As deputy defense minister, Casas Regueiro built up a vast holding company called GAESA that manages profitable enterprises in agriculture, retail shopping and the lucrative tourism industry, owning dozens of hotels, an airline and marinas as well as bus and rent-a-car companies.

GAESA accounts for 25 percent of Cuban economic output and roughly the same proportion of all its foreign currency earnings, experts and foreign businessmen in Havana estimate.

"Casas Regueiro is one of the most trusted Raulistas. The same applies to Lopez Miera. These guys are Raulistas to the end," said Frank Mora, a Cuba watcher and professor at the National War College in Washington.

Mora said the promotions do not, however, signal a larger political role for army generals than they already have.
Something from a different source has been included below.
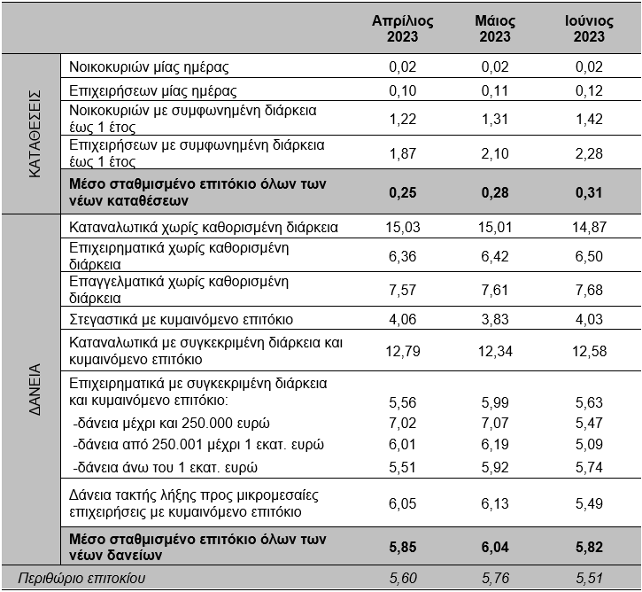 Το μέσο επιτόκιο των νέων επιχειρηματικών δανείων με συγκεκριμένη διάρκεια και κυμαινόμενο επιτόκιο μειώθηκε κατά 36 μονάδες βάσης, τον Ιούνιο του 2023, και διαμορφώθηκε στο 5,63%. Το μέσο επιτόκιο των δανείων τακτής λήξης με κυμαινόμενο επιτόκιο προς μικρομεσαίες επιχειρήσεις (ΜΜΕ) μειώθηκε κατά 64 μονάδες βάσης και διαμορφώθηκε στο 5,49%.

"They will likely continue taking the lead in the economic reforms that may come. They were already doing this, but the reforms will be more consistent," he said.

Under Regueiro, the army was first to introduce capitalist business and accounting practices in Cuba's socialist economy, importing textbooks in English and sending officers to foreign universities to get MBAs.

Casas Regueiro, a graying general who moves about in a chauffeur-driven Russian-made Lada, was the architect of the "perfeccionamiento empresarial" (enterprise enhancement) program to make state companies efficient and profitable.

"He might be old, but he is an essential figure, a man who has been at Raul's side for all things related to reform, and also utterly loyal," Klepak said.